つまりどういうことかというと、主人公おっこは大切な人が亡くなったことで心の病になってしまっていたのです。

主人公おっこは両親を亡くしたというのにすごく明るく生きています。
すごく健気でいい子と思うのですが、正確には違うと思います。
がっこうぐらし!』の主人公の症状が軽いヤツになっていると思われます。

おっこが両親が亡くなっても暗くならないのは、頭では死んだことを理解していても、心では認めていないアンバランスな状態になっているのです。
その整合性を保つため、無意識が夢の形で両親の思い出を見させて、現実と繋げているのです。

両親が亡くなったことを認めていなかったのは、山ちゃんの正体を知ったときに取り乱して「お父さん、お母さん、死んでないよね?」と言っていたことから明らかです。
おっことしてはあの時点で初めて両親の死を心から認識したのだと思います。だからこそあの取り乱し様なのです。

「胸騒ぎがしたから」という理由で再登場グローリーさんですが、車を飛ばしてきたからといっても数時間は掛かると思わるので、胸騒ぎがしたのは山ちゃんの正体をおっこが知る前のはずです。
ではどのタイミングだったのでしょう?
おそらくそれは、おっこと山ちゃんの初対面の時だと思います。
自分は、山ちゃんが杖をついて登場したシーンで、「あっ、この人、トラックの運転者じゃない? 児童向けの小説ってそこまでするの? サドっ気たっぷりだなぁ……」などと思ったりしました。
その後、臓器摘出の食事制限とかで、「あれ? トラックの運ちゃんじゃない? 一安心」などとミスリードに翻弄されたりしてました。

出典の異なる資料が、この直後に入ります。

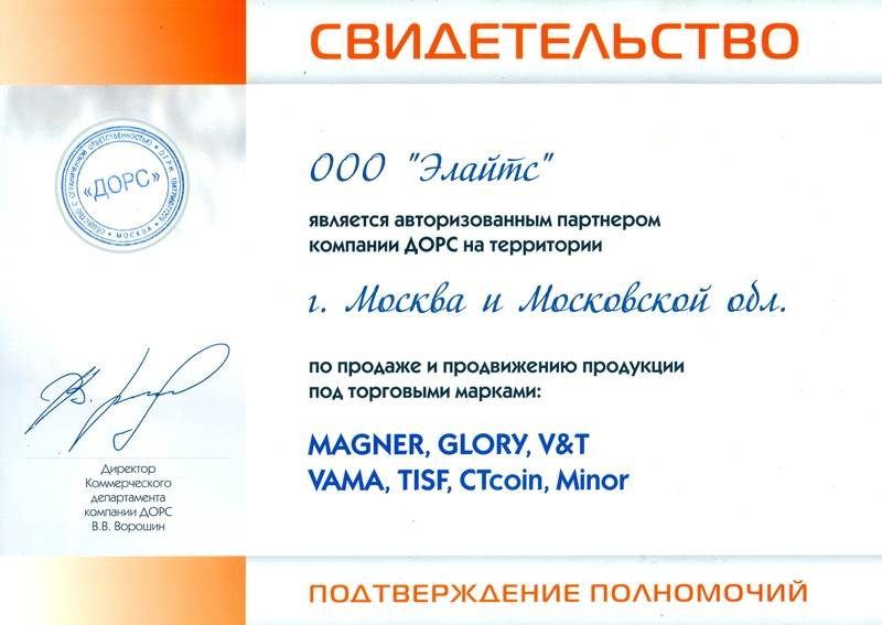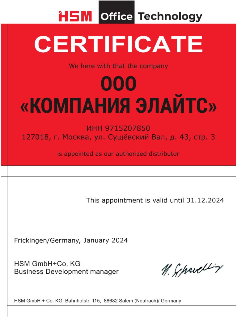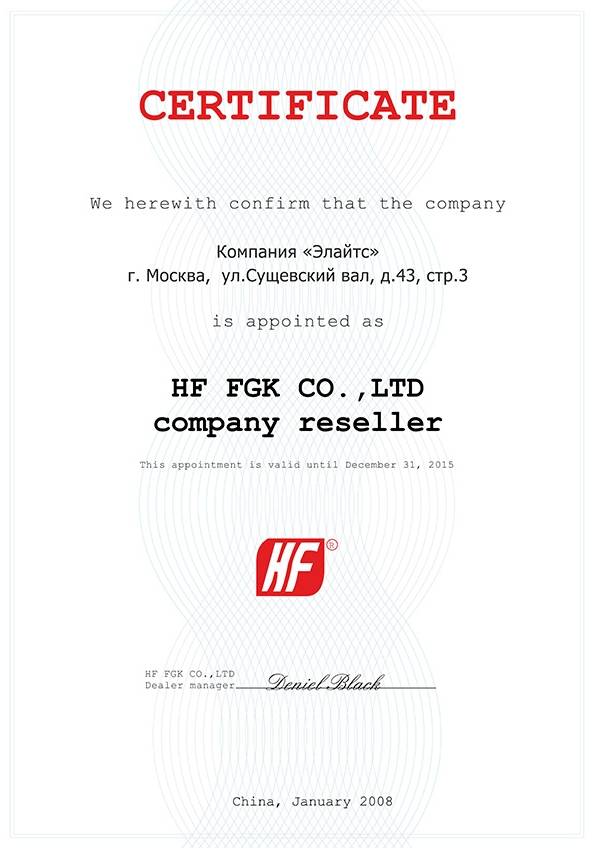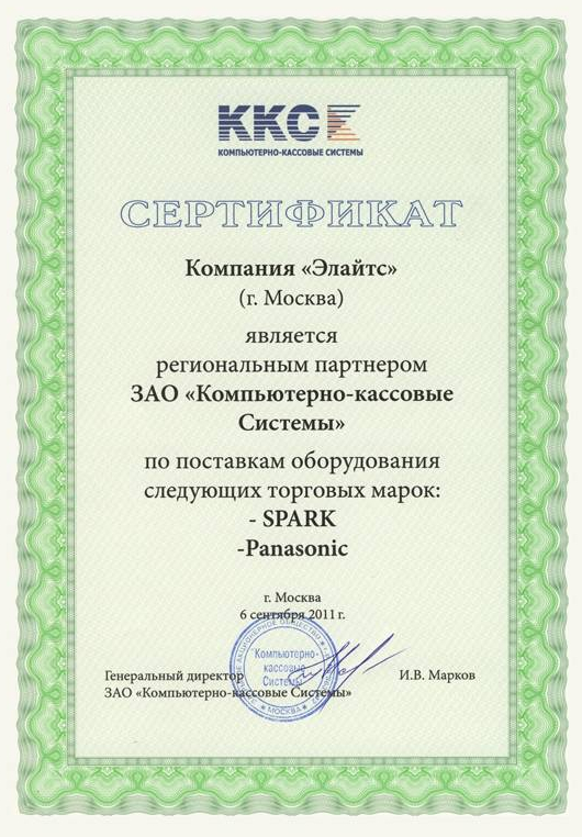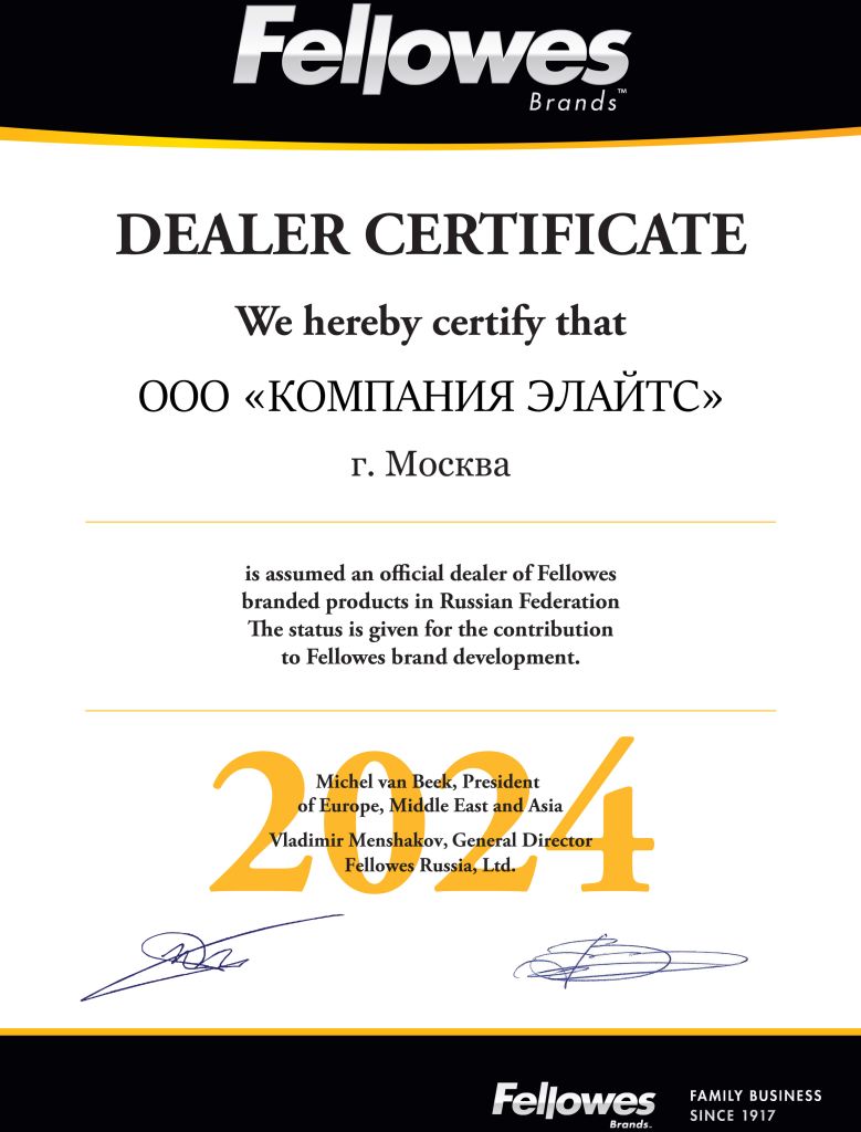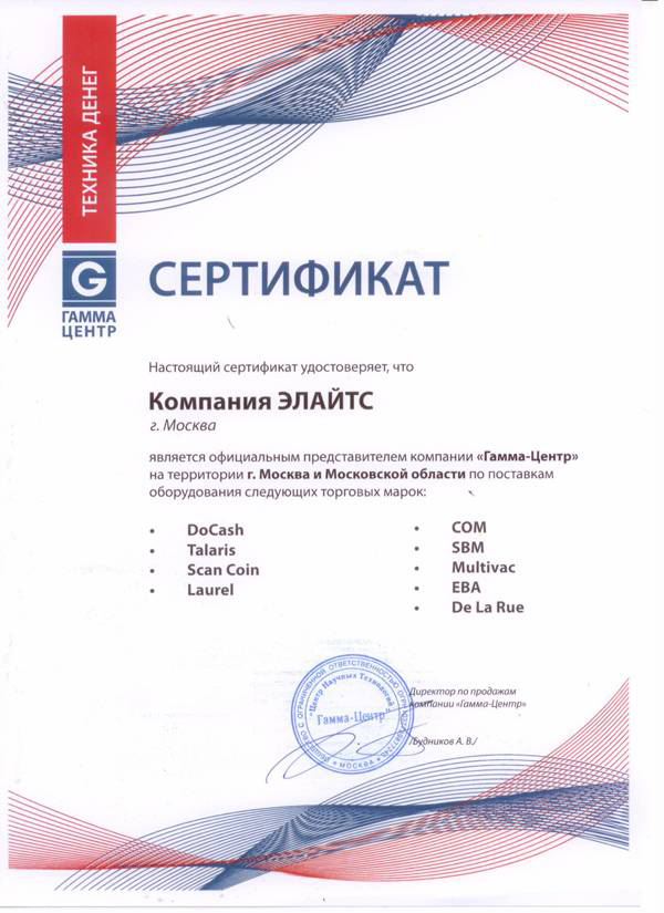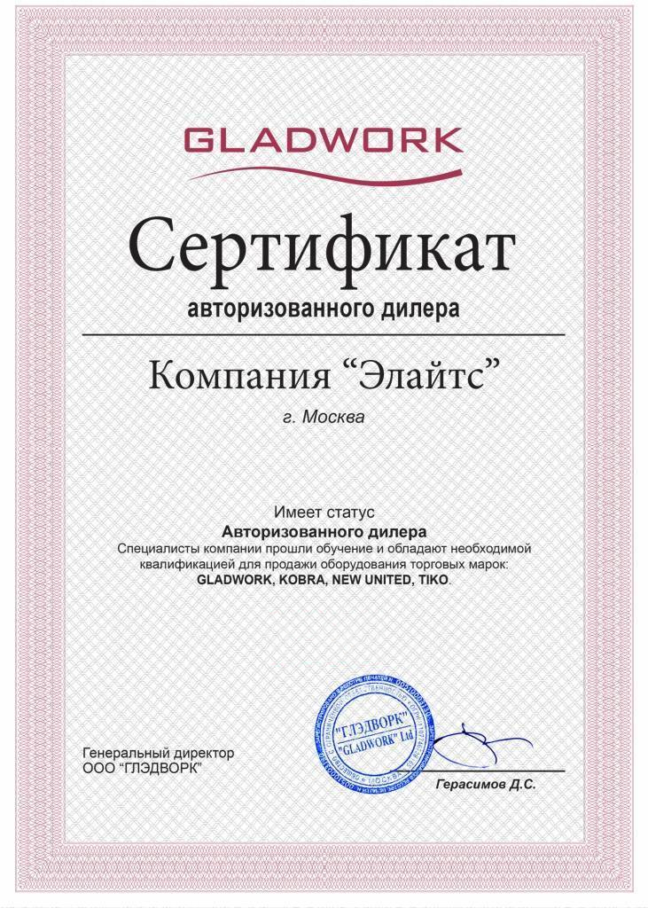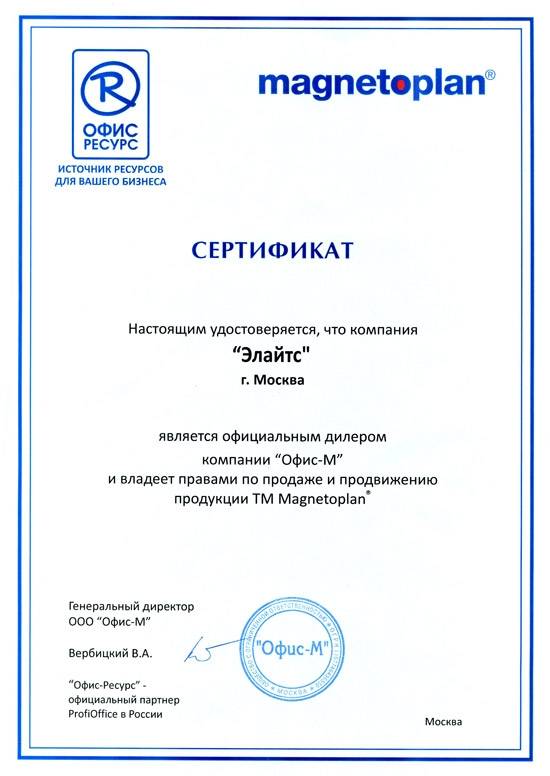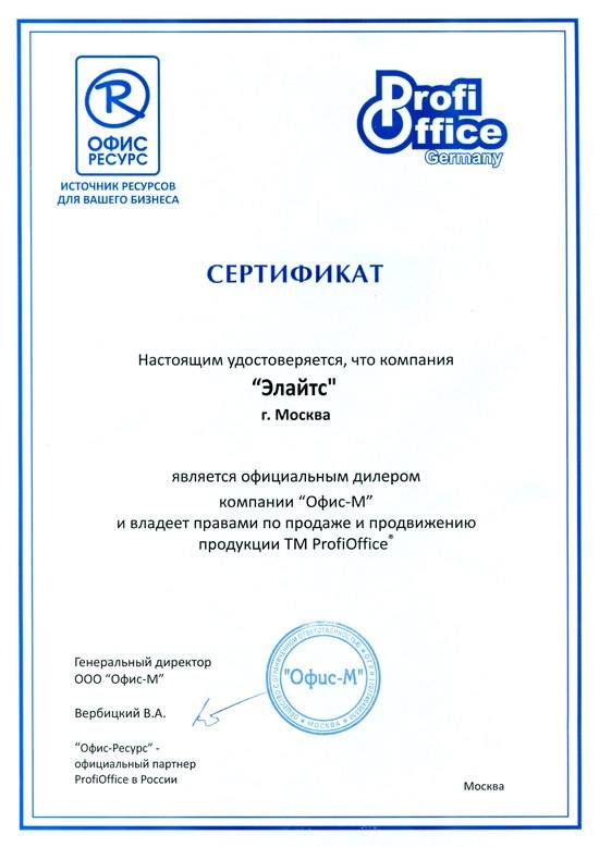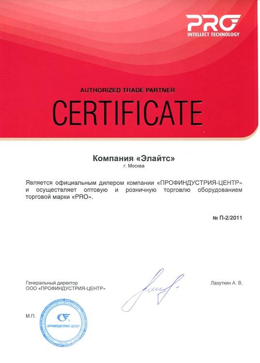 Компания "Элайтс" является сертифицированным представителем многих производителей оборудования, что подтверждается сертификатами:

話変わって、おっこがバランスの崩れた状態というのは、神楽の練習でも表現されています。
若おかみになることや、神楽を舞うのも元々はおっこの意思ではありません。若おかみはお祖母さんの希望だし、神楽は両親の憧れ。
口では真剣にやっていると言っても、実は心の底では本心ではなかったのではないでしょうか?
神楽の練習でミスをするのは当然。
ラストで神楽をちゃんと舞えるようになったのは、人から言われたことではなく、自分の意思でやると決めたためだと思われます。
最初はトカゲを怖がっていたおっこが、最後にはトカゲを触れるようにまで成長しています。『赦し』のテーマ含めて、90分の中で描ききったりしてこれはかなりすごいです。

花咲くいろは』と思って見にいったら『アルプス物語 わたしのアンネット』だったという……。